(The records)

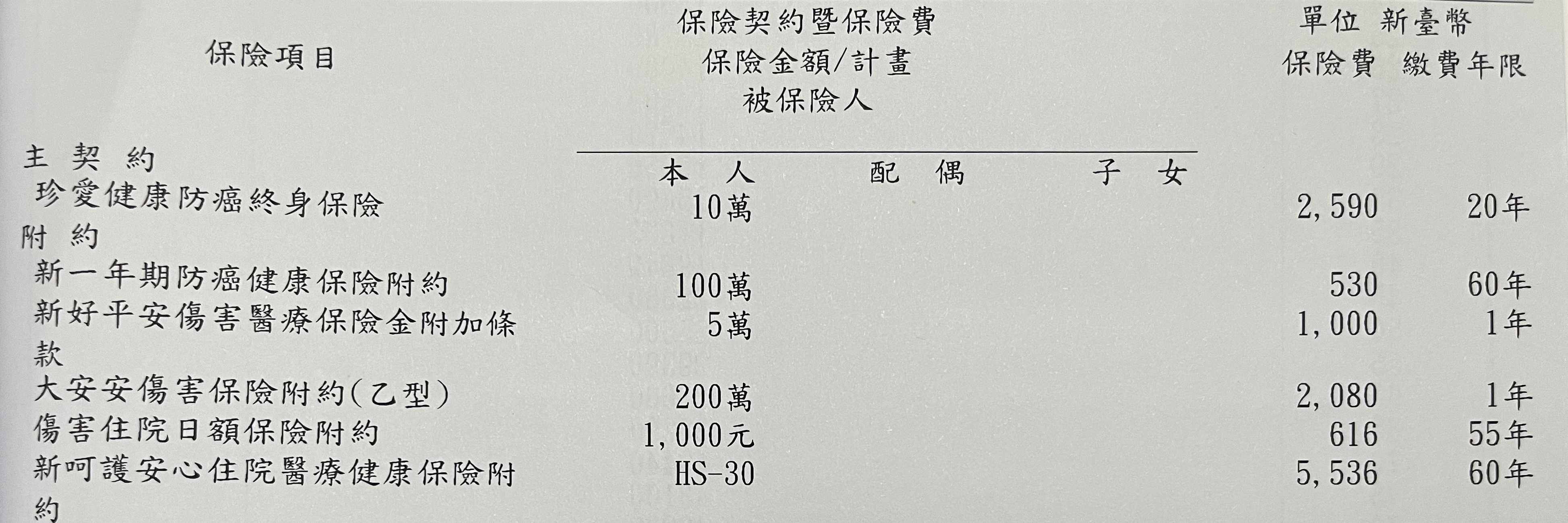 除了長照和壽險,其餘都有規劃到了~~
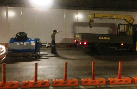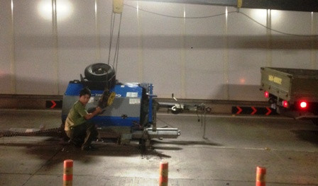Khi chạy đến giữa hầm, bất ngờ móc khóa giữa thiết bị với xe bị bung ra, thiết bị máy rớt xuống nằm chắn ngang giữa đường. Rất may một số ô tô đang chạy phía sau đã kịp né tránh nên không xảy ra tai nạn liên hoàn trong hầm.
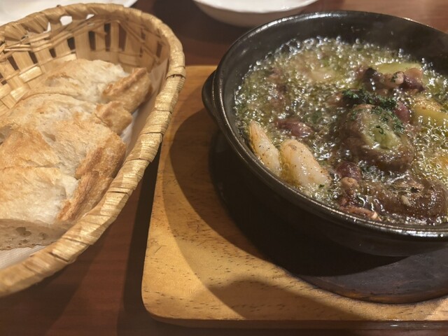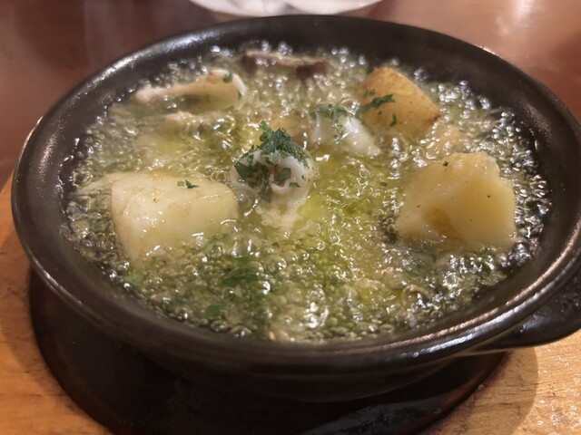 アヒージョ、パスタは絶妙の塩加減、メインの若鶏もゴルゴンゾーラソースの風味良く、料理をサーブしながら適度に気配り、大したものだと思います。
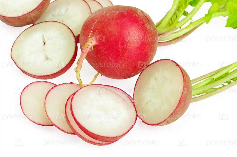 Нарезанный свежий редис на белом фоне
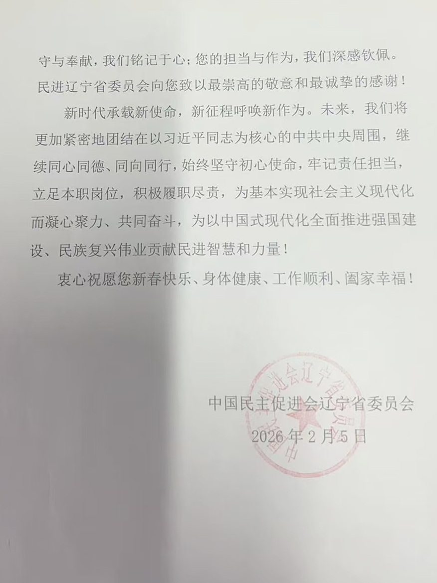 王春雨表示,感谢信既是荣誉更是鞭策,成绩的取得离不开组织的指导与培养。未来,他将坚守合作初心,勇担时代使命,以更昂扬的斗志投身民进事业与辽宁振兴发展实践,为谱写中国式现代化辽宁新篇章贡献民进的智慧与力量。
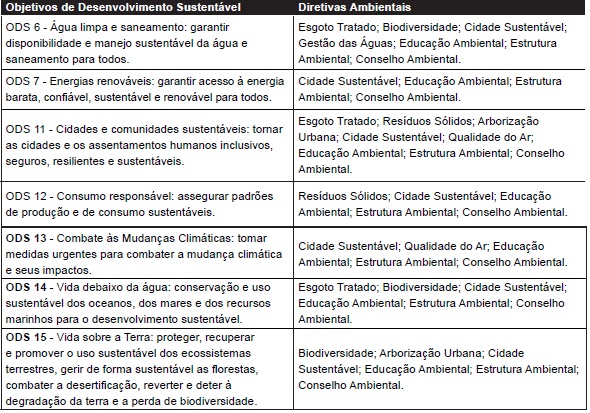 Primeiramente, considera-se que as Diretivas: Educação Ambiental, Estrutura Ambiental e Conselho Ambiental aparecem na relação proposta para todos os ODS porque incorporam ações de base para a gestão ambiental do município, contribuindo com todos os Objetivos elencados. Dando início a uma discussão detalhada, o ODS 6 relaciona-se com a gestão racional e eficiente dos recursos hídricos, incluindo, metas de proteção dos ecossistemas vinculados com a água e estruturação de sistemas de saneamento. Portanto, observa-se que este enfoque possui relação com as seguintes Diretivas Ambientais:
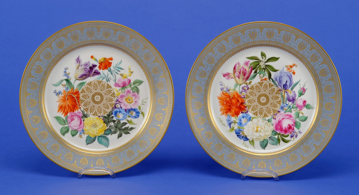 1192Zwei Sèvres-Teller Ende 19. Jhdt. Fein gemalte Blumengirlande und Vergoldung. Manufakturmarke. Ø 24,5 cm 1800 EUR |
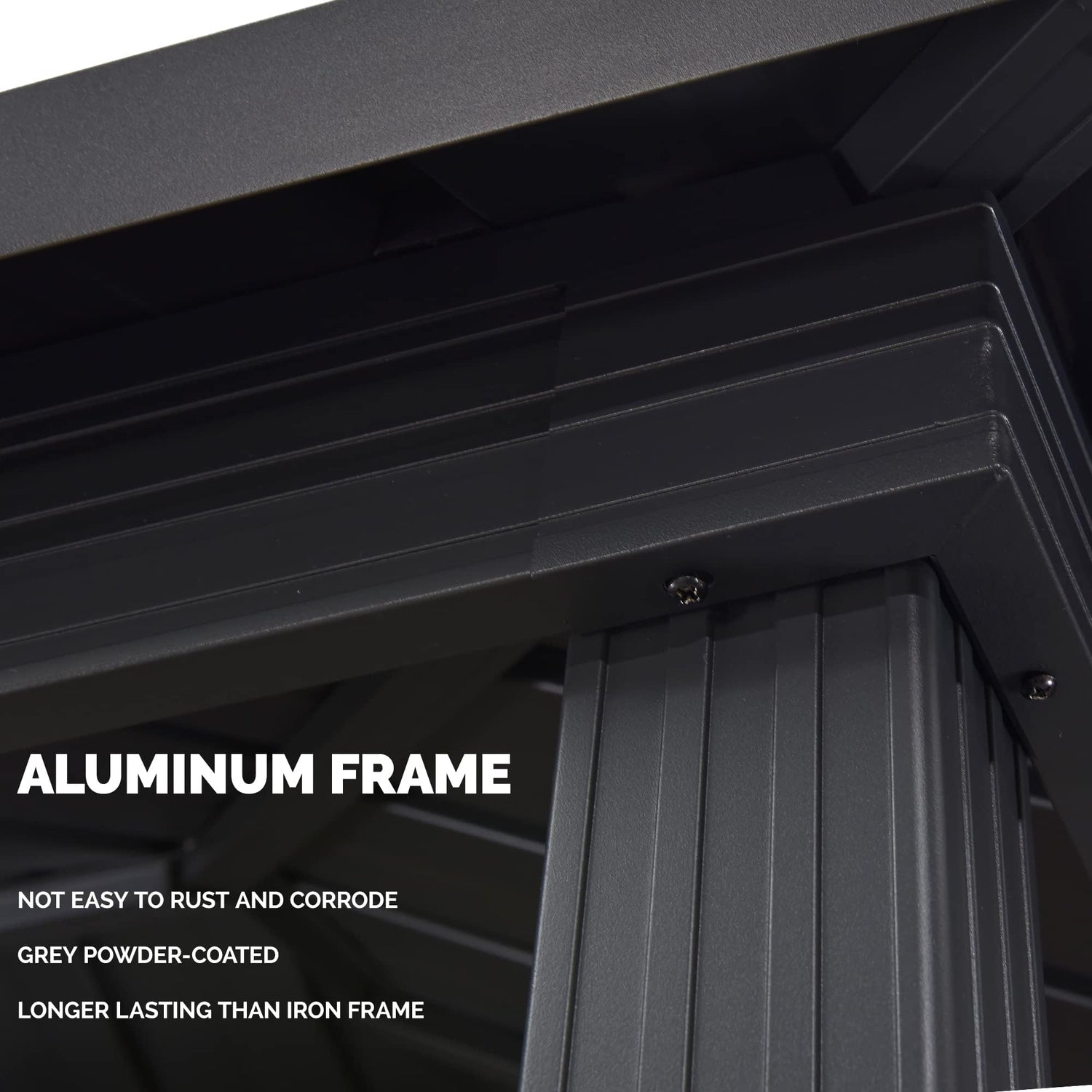 - Sturdy Aluminum Frame: Powder-coated aluminum frame which resists rust. This BBQ gazebo is durable and can be used outdoors for a long time.
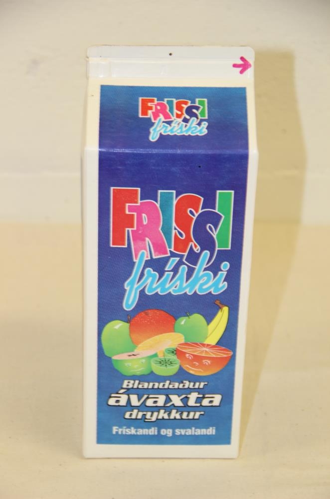 Pappaferna klædd álpappír að innan, undir 2 lítra af ávaxtadrykk. Áprentun í mörgum litum; grunnlitur blár. Þrjár hliðar: Frissi fríski. Blandaður ávaxtadrykkur. Teiknuð mynd af nokkrum ávaxtategundum. Framleiðandi fernu: Elopak, Norge.

(End The records)

Reproduce the lines from the line with "アヒージョ、パスタは絶妙の塩" through the last line of the entries exactly, including both ends and excluding pictures.

 アヒージョ、パスタは絶妙の塩加減、メインの若鶏もゴルゴンゾーラソースの風味良く、料理をサーブしながら適度に気配り、大したものだと思います。
 Нарезанный свежий редис на белом фоне
 王春雨表示,感谢信既是荣誉更是鞭策,成绩的取得离不开组织的指导与培养。未来,他将坚守合作初心,勇担时代使命,以更昂扬的斗志投身民进事业与辽宁振兴发展实践,为谱写中国式现代化辽宁新篇章贡献民进的智慧与力量。
 Primeiramente, considera-se que as Diretivas: Educação Ambiental, Estrutura Ambiental e Conselho Ambiental aparecem na relação proposta para todos os ODS porque incorporam ações de base para a gestão ambiental do município, contribuindo com todos os Objetivos elencados. Dando início a uma discussão detalhada, o ODS 6 relaciona-se com a gestão racional e eficiente dos recursos hídricos, incluindo, metas de proteção dos ecossistemas vinculados com a água e estruturação de sistemas de saneamento. Portanto, observa-se que este enfoque possui relação com as seguintes Diretivas Ambientais:
 1192Zwei Sèvres-Teller Ende 19. Jhdt. Fein gemalte Blumengirlande und Vergoldung. Manufakturmarke. Ø 24,5 cm 1800 EUR |
 - Sturdy Aluminum Frame: Powder-coated aluminum frame which resists rust. This BBQ gazebo is durable and can be used outdoors for a long time.
 Pappaferna klædd álpappír að innan, undir 2 lítra af ávaxtadrykk. Áprentun í mörgum litum; grunnlitur blár. Þrjár hliðar: Frissi fríski. Blandaður ávaxtadrykkur. Teiknuð mynd af nokkrum ávaxtategundum. Framleiðandi fernu: Elopak, Norge.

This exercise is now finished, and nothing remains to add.